TRY IT
Give again, character for character, the lines that lie between the first line of the material and the line with "3. Windows will", inclusive. Omit pictures.

LISTED ENTRIES
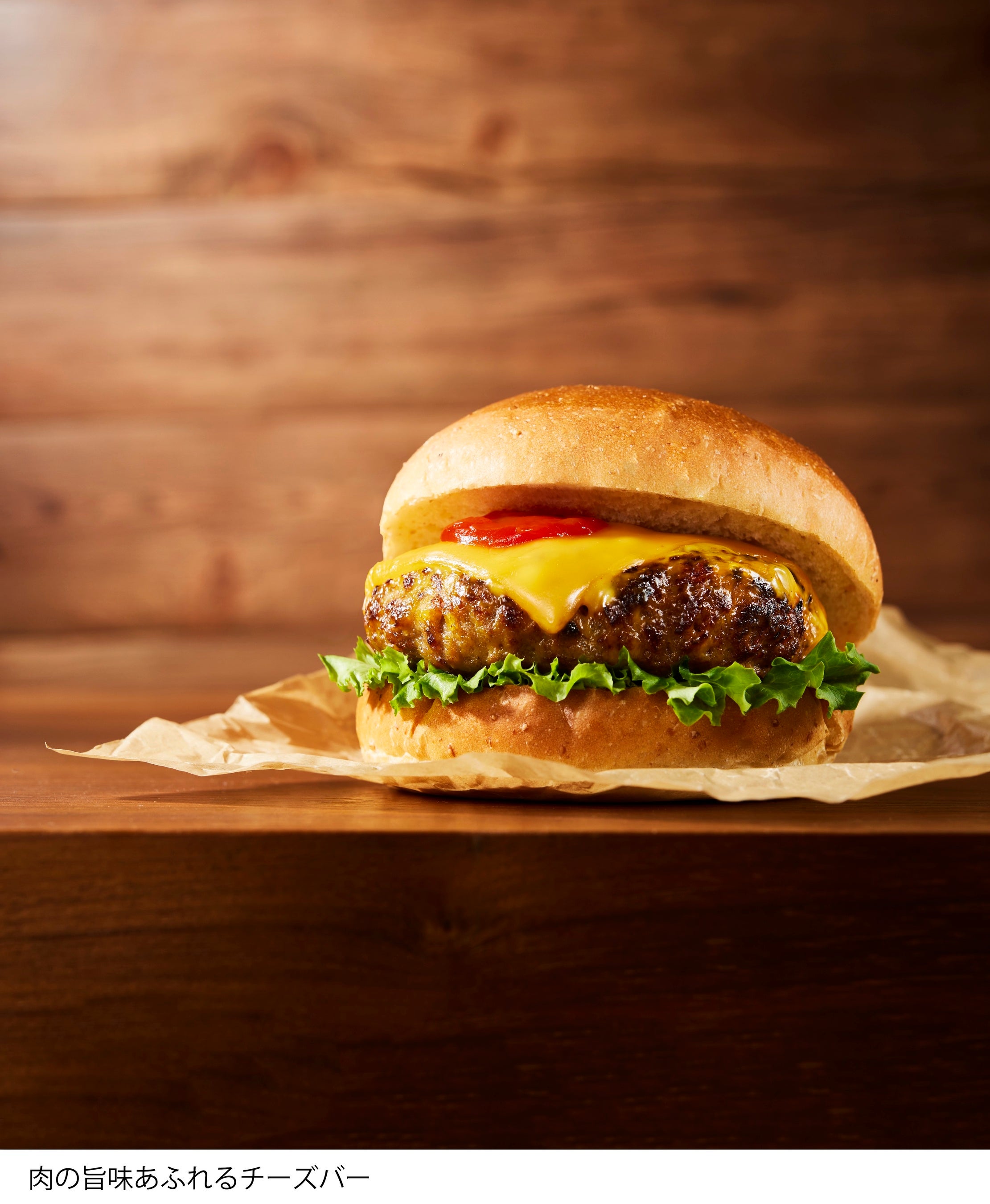 厚みのあるハンバーグにもっちり食感のバンズを合わせ、こだわり食材で店内手づくりをした食べ応えのあるチーズバーガーです。
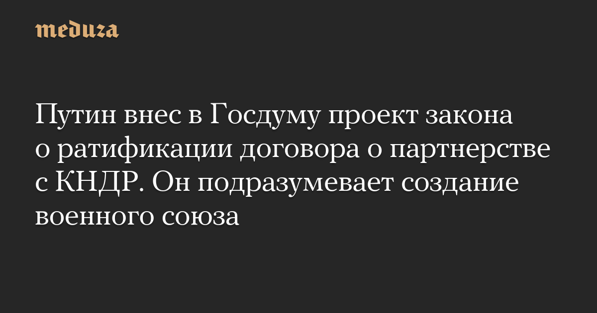 Путин внес в Госдуму проект закона о ратификации договора о партнерстве с КНДР. Он подразумевает создание военного союза
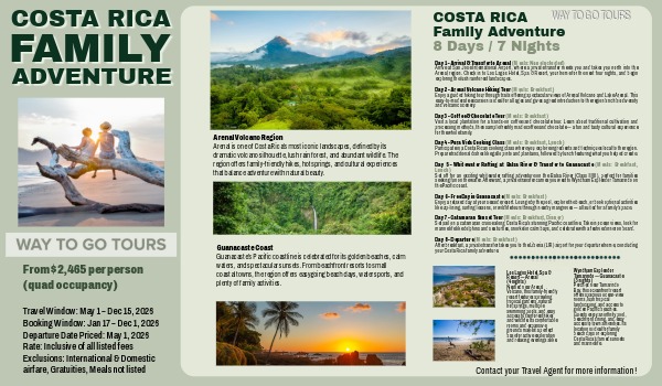 Contact your Travel Agent for more information! Your start to an incredible journey. Itineraries are fully customizable. 3 Nights Arenal Volcano at Los Lagos Hot Springs resort, 4 Nights Wynham Tamarindo Ocean View, Coffee/Chocolate Tour, Pura Vida Cooking Class, White Water Rafting, Catamaran Sunset Tour, Private destination transfers, Taxes, 7 Breakfasts, 2 lunches, 1 Dinner. From $2,465 per person (quad occupancy). Travel Window: May 1 – Dec 15, 2026. Booking Window: Jan 17 – Dec 1, 2026. Departure Date Priced: May 1, 2026. Rate: Inclusive of all listed fees Exclusions: International & Domestic airfare, Gratuities, Meals not listed
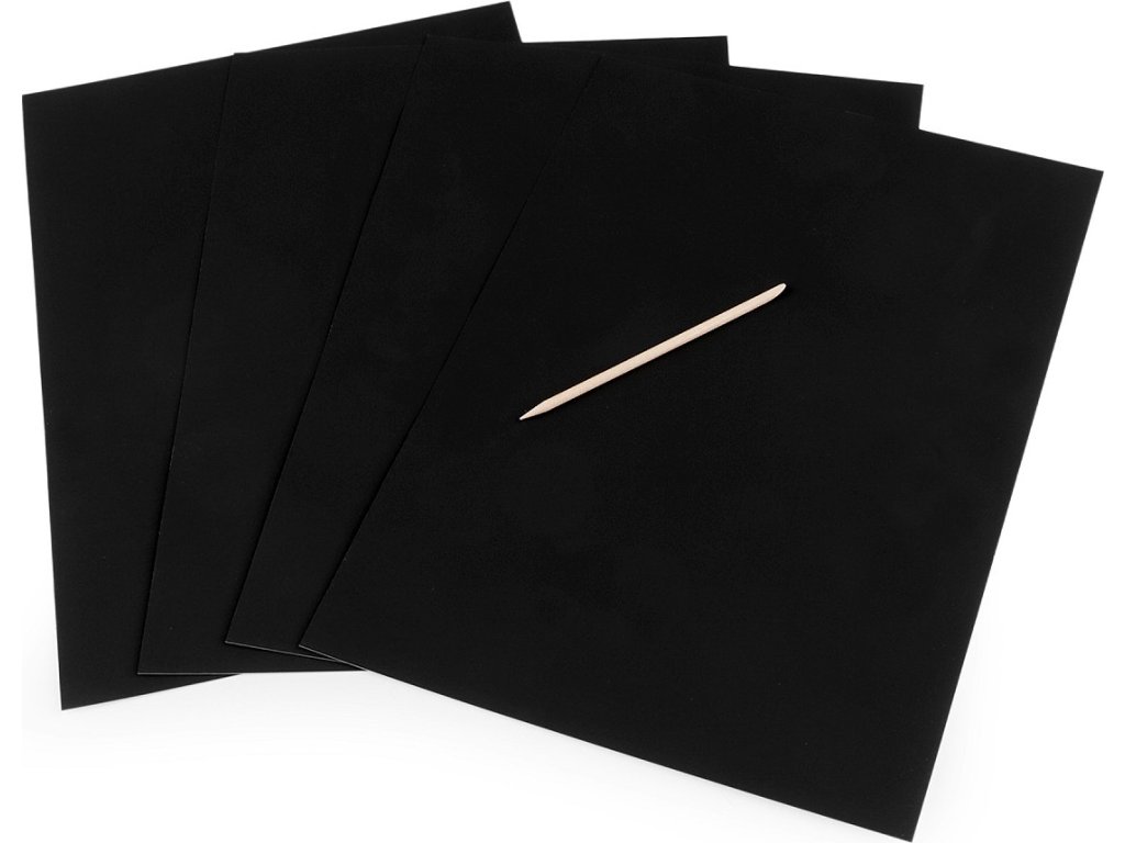 Škrabací papíry A4 prázdné duhové, sada 4 ks a škrabátko
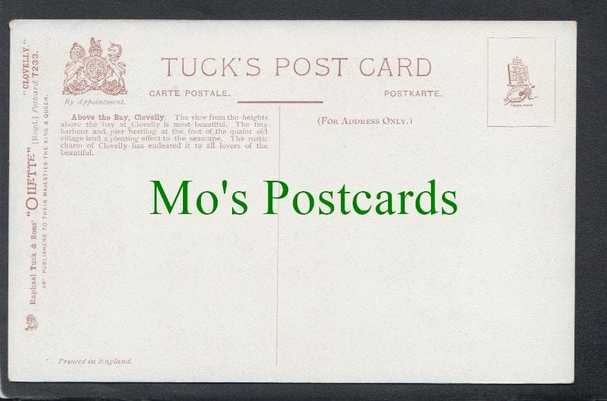 Mo's Postcards offers for sale a postcard of Above The Bay, Clovelly, Devon.
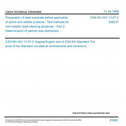 CSN EN ISO 11127-2 Preparation of steel substrate before application of paints and related products - Test methods for non-metallic blast-cleaning abrasives - Part 2: Determination of particle size distribution
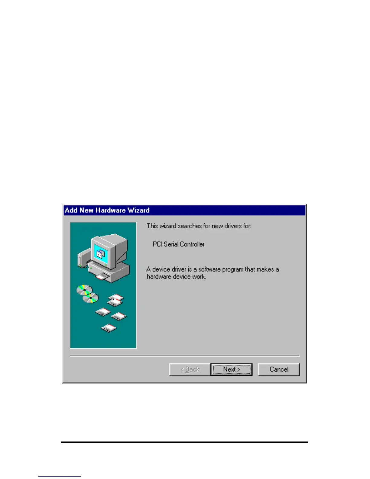 3. Windows will detect the PCI card, start the Add New Hardware
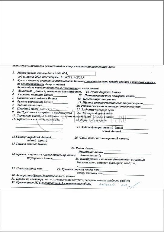 ПТС: Не передан (выдана справка). Вин предоставляется по запросу на почту manager01@total01.ru Стоянка: г. Петрозаводск, Лесной проспект 44Б. Счет выставляется автомагазином ООО «Блицкар». (Сумма НДС будет указана в счет фактуре). Авто после ДТП, возможны скрытые повреждения. Гарантии юридической чистоты. Запчасти с авто отдельно не продаются. Цены по телефону не обсуждаются. ДКП и ПТС(если не изъят в ГИБДД) находятся в Москве. Возможности отправки документов нет. Для получения ДКП и ПТС(если не изъят в ГИБДД) потребуется ваше личное присутствие или нотариальная доверенность на вашего представителя. При получении транспортного средства в региональном филиале при себе иметь оригиналы: ДКП + ПТС (если не изъят в ГИБДД) + Нотариальная доверенность (если автомобиль получает представитель, или на бланке организации с печатью при оплате юр. лицом). Ранее автомобиль находился в собственности юр. лица. Пробег н/у. Кол-во владельцев: н/у. Полная деформация кузова; возможны скрытые повреждения.
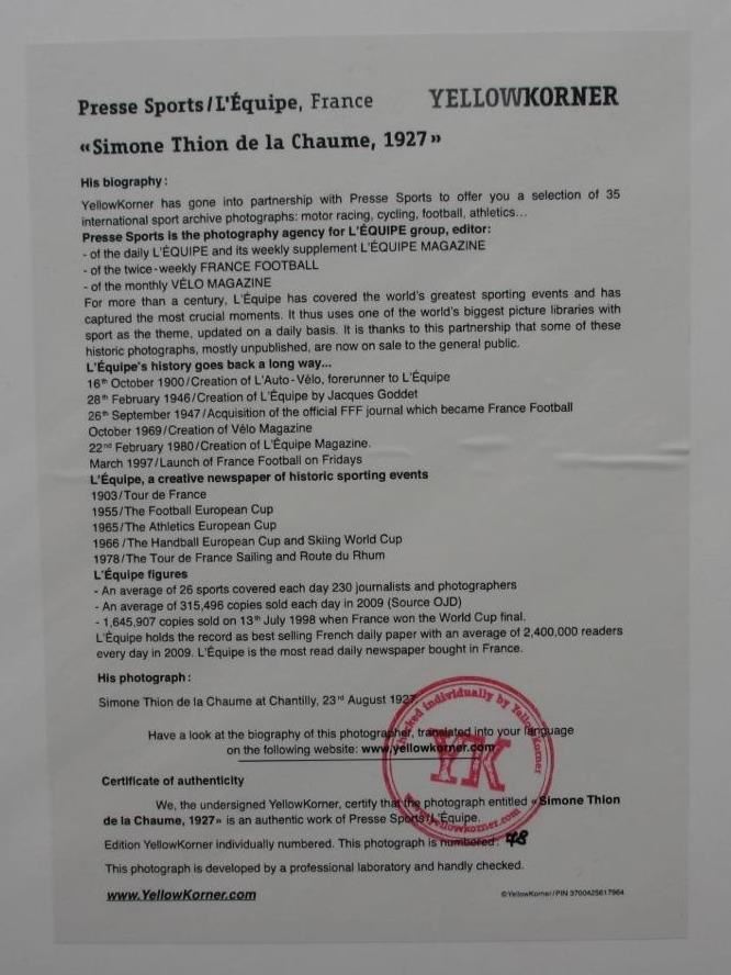 Simone Thion de la Chaume, 1927 Certified Photograph, Presse Sports/L'Equipe YellowKorner Certified Photograph. Certificate of Authenticity from YellowKorner affixed to the back. Matted Dimensions 16"x20". Protected with Clear Mylar Sleeve.

RESPONSE
 厚みのあるハンバーグにもっちり食感のバンズを合わせ、こだわり食材で店内手づくりをした食べ応えのあるチーズバーガーです。
 Путин внес в Госдуму проект закона о ратификации договора о партнерстве с КНДР. Он подразумевает создание военного союза
 Contact your Travel Agent for more information! Your start to an incredible journey. Itineraries are fully customizable. 3 Nights Arenal Volcano at Los Lagos Hot Springs resort, 4 Nights Wynham Tamarindo Ocean View, Coffee/Chocolate Tour, Pura Vida Cooking Class, White Water Rafting, Catamaran Sunset Tour, Private destination transfers, Taxes, 7 Breakfasts, 2 lunches, 1 Dinner. From $2,465 per person (quad occupancy). Travel Window: May 1 – Dec 15, 2026. Booking Window: Jan 17 – Dec 1, 2026. Departure Date Priced: May 1, 2026. Rate: Inclusive of all listed fees Exclusions: International & Domestic airfare, Gratuities, Meals not listed
 Škrabací papíry A4 prázdné duhové, sada 4 ks a škrabátko
 Mo's Postcards offers for sale a postcard of Above The Bay, Clovelly, Devon.
 CSN EN ISO 11127-2 Preparation of steel substrate before application of paints and related products - Test methods for non-metallic blast-cleaning abrasives - Part 2: Determination of particle size distribution
 3. Windows will detect the PCI card, start the Add New Hardware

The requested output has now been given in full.